Let's write the addresses of the function (for the purpose of this example only)
count(int m)
{
(address = 100) if(m>0)
(address = 101) count(m-1); // now it is calling the method "count" again, except m is one less
(address = 102) printf("%d",m);
}
For m = 1:
The if is fullfield so we execute code at address 101 with m = 1. address 102 and m = 1 are pushed to the stack and the function is executed again from address 100 with m = 0. Since m = 0 we execute address 102 and printing 0 on console. The function ends and the last return address (102) and argument m = 1 are popped and the line at address 102 is executed printing 1 on the screen.
The function count is called with an integer argument of 10.
Since the function argument m which is 10 is greater than 0 the function count calls itself with an integer argument of m which is 10 minus 1 which equals 9.
Step 2 repeats with varying arguments (m-1) until m is not greater than 0 and which point the program prints the value of m.
The recursive function just modifies the parameter given to it and calls itself with that modified value until the desired result is returned (in this case m not being greater than 0).
Each number refers to the line number.
#include<stdio.h>
count(int);
main()
{
1int x=10,z;
2count(x);
}
count(int m)
{
3if(m>0)
4 count(m-1);
5printf("%d",m);
}
The execution happens like this(with x=3) -
line number|value of x
1 3
2 3
3 3
4 2
3 2
4 1
3 1
4 0
5 0
5 1
5 2
5 3
Numbers printed on the screen 0 1 2 3
If you want a more specific answer, then you have to look into how compilers work.

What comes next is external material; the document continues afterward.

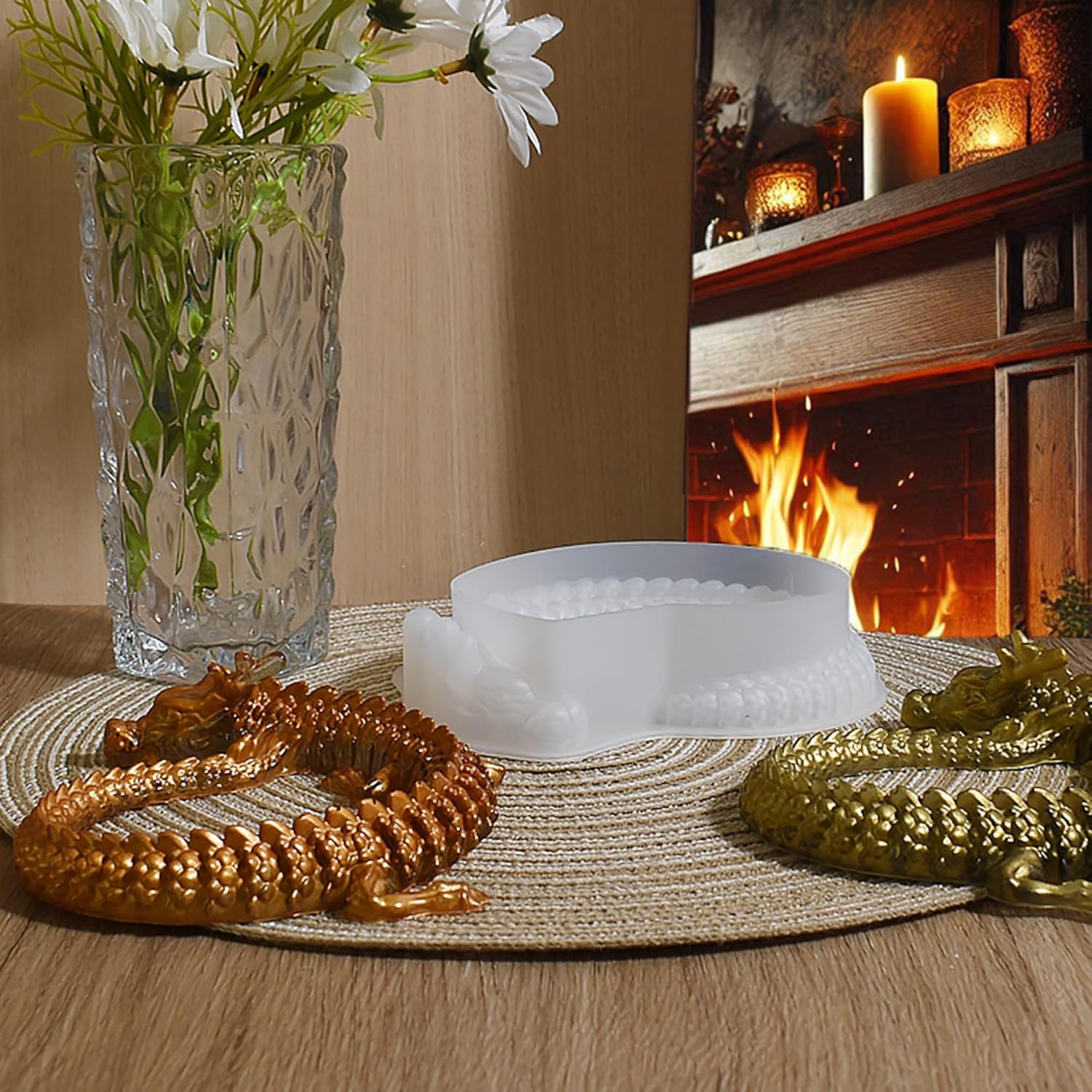 Diamond Dragon Mold Long Dragon Resin Mold Round Dinosaur Mold Animal Resin Casting Mold Resin Making Molds Silicone Mold for Candle Home Decorate Mold 3D Animal Mold Candle Making Mold

But generally speaking the compiler will create machine code for the function that includes a preamble, in this code enough memory is allocated on the stack (by decrementing a stack pointer) that a copy of the functions variables can be placed on the stack (we can store the state of the function).
The function will have values stored in registers and memory and these must be stored on the stack for each (recursive) call, otherwise the new call will overwrite the precious data!. So very basically the machine code looks like this (pseudo code)
//store m on the stack
store m,stack_pntr+m_offset
//put input values in designated register
a0 = m
//allocate memory on the stack
stackPntr -= stack_size_of(count_vars)
//store return address in allocated register
//jump to the first instruction of count
.
.
By changing some data used for computation we can go back and read the same instructions again and get a different result. The abstraction of recursive function allows us to manipulate the data we want to change in a nice "call by value" way so that we don't overwrite it unintentionally.
This is done by the compiler when it stores the state of the calling function on the stack so we don't have to manually store it.